Frame SQL is one of the best features available in Polars and is a considerable step up from how data is queried in libraries like Pandas. Those familiar with Pandas will tell you that querying data takes some getting used to. Rather than using SQL, you must use a “pythonic” syntax that is unique to the Pandas library.
Now, polars does have its own “pythonic” way of selecting and filtering data which, like pandas, also takes time to learn. But Polars also supports Robust SQL syntax in a number of contexts.
This feature resonated with me because I’ve spent a lot of my career in SQL Server. And while Polars may not have all of the same functionalities as SQL Server, it has the most essential and is actually very robust.

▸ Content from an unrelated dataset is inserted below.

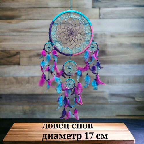 Ловец снов 17 см / Ловушка снов ручной работы , Индонезия (фиолетово-розовый)
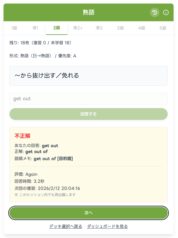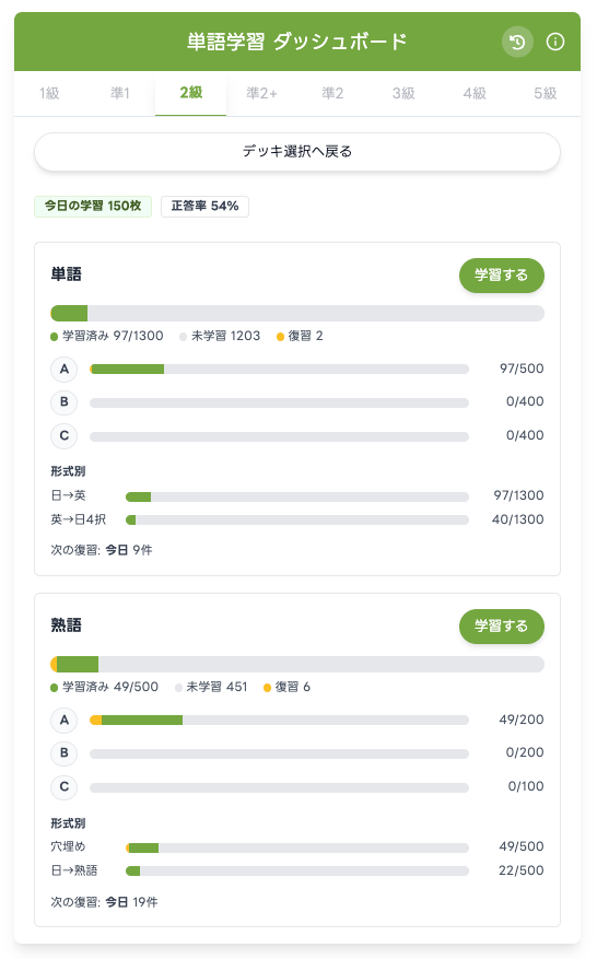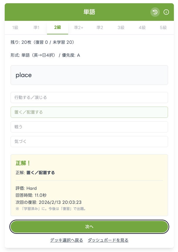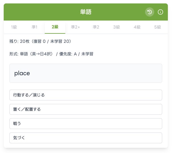 単語1,300/熟語500(2級)を同一デッキで学習。想起(入力)と認識(4択)を使い分け、復習は間隔反復スケジューラで自動化

With that said, lets show you how to query data on the Frame-level with SQL.
Video Walk Through
If you prefer a more visual experience, I invite you to learn about Frame SQL from the video below. Be sure to like and subscribe to our channel for more great Polars content!
Loading the Data
Let’s start by reading our Marketing Costs Dataset into a dataframe.
import polars as pl
data = pl.read_csv('../../Datasets/Marketing Cost Data/marketing_cost_all.csv',try_parse_dates=True)
data.head()
shape: (5, 2)
┌────────────┬───────────────┐
│ Date ┆ MarketingCost │
│ --- ┆ --- │
│ date ┆ f64 │
╞════════════╪═══════════════╡
│ 2023-01-01 ┆ 132.32 │
│ 2023-01-02 ┆ 157.28 │
│ 2023-01-03 ┆ 140.41 │
│ 2023-01-04 ┆ 131.73 │
│ 2023-01-05 ┆ 113.55 │
└────────────┴───────────────┘
A Simple Frame SQL Query
Now this data contains daily marketing costs and what we want to do is take a snapshot of this dataset. We can use the sql method off of our dataframe to begin a query. We’ll start with a very basic SQL query.
data.sql('''SELECT * FROM self WHERE Date BETWEEN '2023-02-01' AND '2023-02-28' ''')
shape: (28, 2)
┌────────────┬───────────────┐
│ Date ┆ MarketingCost │
│ --- ┆ --- │
│ date ┆ f64 │
╞════════════╪═══════════════╡
│ 2023-02-01 ┆ 166.14 │
│ 2023-02-02 ┆ 118.42 │
│ 2023-02-03 ┆ 135.27 │
│ 2023-02-04 ┆ 52.82 │
│ 2023-02-05 ┆ 142.65 │
│ … ┆ … │
│ 2023-02-24 ┆ 81.33 │
│ 2023-02-25 ┆ 74.2 │
│ 2023-02-26 ┆ 147.97 │
│ 2023-02-27 ┆ 87.99 │
│ 2023-02-28 ┆ 119.95 │
└────────────┴───────────────┘
In the output, we get the daily marketing costs for February.
Aggregation with Frame SQL
Let’s change our query slightly to do some aggregation.
data.sql('''SELECT SUM(MarketingCost) FROM self WHERE Date BETWEEN '2023-02-01' AND '2023-02-28' ''')
shape: (1, 1)
┌───────────────┐
│ MarketingCost │
│ --- │
│ f64 │
╞═══════════════╡
│ 3356.35 │
└───────────────┘
In our results we get the total marketing costs for February.
Complex Queries
Let’s shoot for a slightly more complex query that includes a CTE.
data.sql('''
WITH CTE AS (
SELECT
STRFTIME(Date, '%Y-%m') as Month
,MarketingCost
FROM self
)
SELECT
Month
,SUM(MarketingCost) as CostPerMonth
FROM CTE
GROUP BY
Month
ORDER BY Month
''')
shape: (12, 2)
┌─────────┬──────────────┐
│ Month ┆ CostPerMonth │
│ --- ┆ --- │
│ str ┆ f64 │
╞═════════╪══════════════╡
│ 2023-01 ┆ 4204.71 │
│ 2023-02 ┆ 3356.35 │
│ 2023-03 ┆ 3468.82 │
│ 2023-04 ┆ 3914.2 │
│ 2023-05 ┆ 4109.69 │
│ … ┆ … │
│ 2023-08 ┆ 3794.84 │
│ 2023-09 ┆ 3774.95 │
│ 2023-10 ┆ 4174.32 │
│ 2023-11 ┆ 3206.25 │
│ 2023-12 ┆ 3789.48 │
└─────────┴──────────────┘
In the results, we now get them monthly totals.
Conclusion
So you can see that Polars has some robust SQL capabilities and if you started in a SQL background this may feel very comfortable and familiar.
Now we’ve covered how SQL can be used on a single DataFrame, but you can use SQL in other ways within polars. Global SQL and Expression SQL are additional topics that may be of interest to you. I highly recommend checking out the Polars documentation for more info on these topics.
With that, we’ll end here and catch up with you at the next one!